Ah, i love Tings Zoological Museum. Not been in years but it's not changed. Really interesting. The animals they have there are awesome. Highly recommended to go and see!


----------



## gtm (Jan 23, 2008)

The horniman museum (in that most charming of London neighbourhoods - Lewisham) is very similar. They have a splendid stuffed Walrus - worth the trip for that alone.


----------



## captaincaveman (Nov 6, 2006)

gtm said:


> The horniman museum (in that most charming of London neighbourhoods - Lewisham) is very similar.
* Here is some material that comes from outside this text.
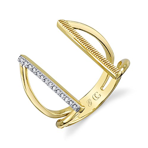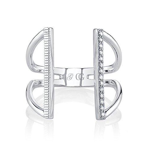 -. Title : CHARLIZE GADBOIS 925 Sterling Silver Diamond Statement Double Bar Open Adjustable Ring, (0.07 cttw, I1-I2 Clarity)

They have a splendid stuffed Walrus - worth the trip for that alone.


yup got one of them too:lol2:, just couldn't post em all:lol2:


----------



## bluetongued (Apr 25, 2007)

Ha Ha I used to go to the Horniman aswell when I used to live in Peckham.
They have a great music section when I lived there !!


----------



## gtm (Jan 23, 2008)

Does anyone know where I can buy a walrus? I'll made a nice little pond for it in the back garden.


----------



## cannotstopbuyingballs (Dec 29, 2007)

gtm said:


> Does anyone know where I can buy a walrus? I'll made a nice little pond for it in the back garden.
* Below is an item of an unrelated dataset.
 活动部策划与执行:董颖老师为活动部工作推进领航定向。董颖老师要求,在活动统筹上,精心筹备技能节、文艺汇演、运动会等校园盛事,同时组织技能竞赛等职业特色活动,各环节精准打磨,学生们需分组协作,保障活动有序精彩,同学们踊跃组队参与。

Always like to look at live animals but I must admit the fascinations in this type of thing.


----------



## bosshogg (Nov 19, 2006)

it looks like such an interesting place, must be very interesting to see species close up (OK there dead) that you normally wouldn't get to see!! think i am deff going to have a trip down there


----------



## Ally (Mar 8, 2006)

It's an amazing collection they have there - we went on our honeymoon (ok, a strange choice I know!)
Rothschild had a bit of a thing for albinos too - there are a lot of albino things there... I don't remember all the reptiles though - I think I need to go again! It's only about 1/2 hour from me, no excuse not to really.


----------